Pernyataan Trump tersebut merujuk pada server email pribadi Clinton yang dihapus karena katanya merupakan email pribadi. FBI menolak mengadili Clinton atas praktik email tersebut, tapi direkturnya mengatakan ia telah sangat ceroboh terkait hal rahasia.
Kampanye Clinton menanggapi dengan cepat pernyataan Trump. Mereka mengatakan untuk pertama kalinya calon presiden secara aktif mendorong kekuatan asing melakukan spionase pada lawan politiknya.
"Ini telah berubah dari masalah rasa ingin tahun dan soal politik menjadi isu keamanan nasional," kata tim kampanye Clinton dalam sebuah pernyataan.

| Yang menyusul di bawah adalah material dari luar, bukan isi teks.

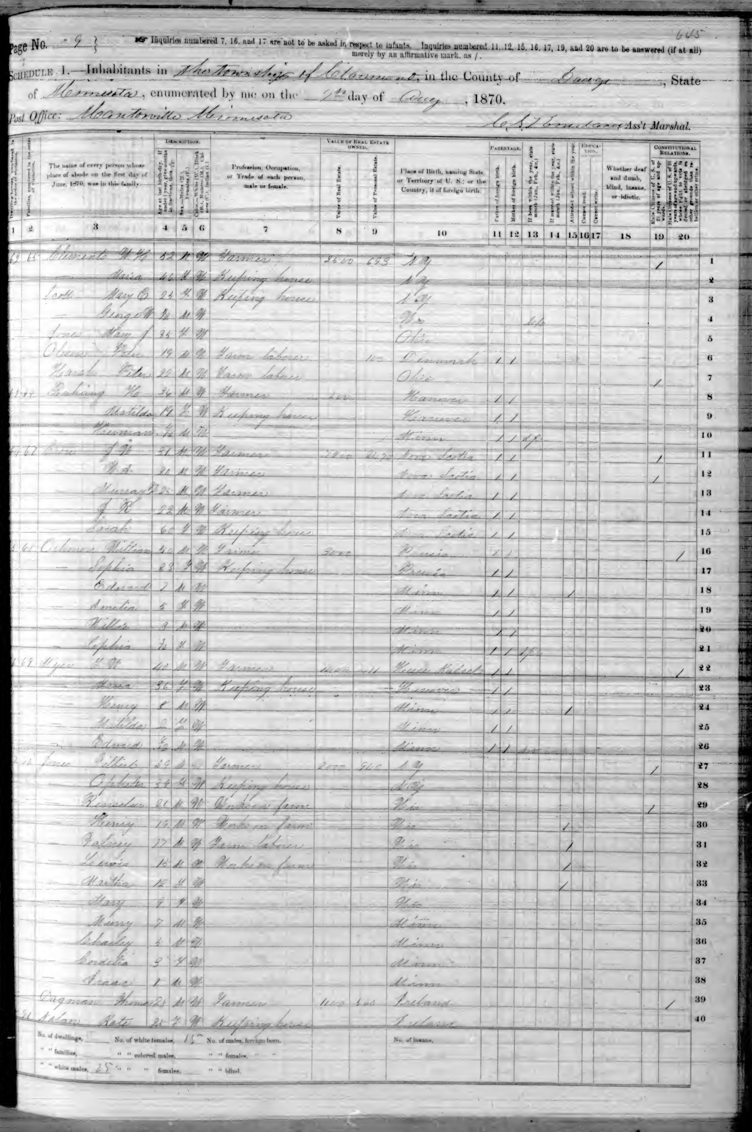 Ancestry.com Operations, Inc., 1870 United States Census, Claremont, Dodge, MN, page 9, dwelling 66, family 69, line 24, Myer, Henry; Database and images, Ancestry.com LLC, Ancestry.com : 2009 (http://www.Ancestry.com/ : accessed 11/16/2022); citing Ninth Census of the United States, 1870 U. S. Census, population schedules, National Archives and Records Administration Microfilm Publication M593 (1761 rolls), Records of the Bureau of the Census, Record Group 29, National Archives, Washington, DC, roll 3, image 56 [Surety: 3]. |

Tapi tak lama setelah komentar Trump, pasangannya Mike Pence, justru mengambil sikap berbeda. Ia memperingatkan, konsekuensi serius jika Rusia campur tangan dalam pemilu Amerika Serikat.
"Jika itu adalah Rusia dan mereka ikut campur dalam pemilihan kita, saya dapat meyakinkan Anda kedua belah pihak dan pemerintah Amerika Serikat akan memastikan ada konsekuensi serius," kata Pence dalam sebuah pernyataan. Sementara Rusia telah menepis saran untuk terlibat.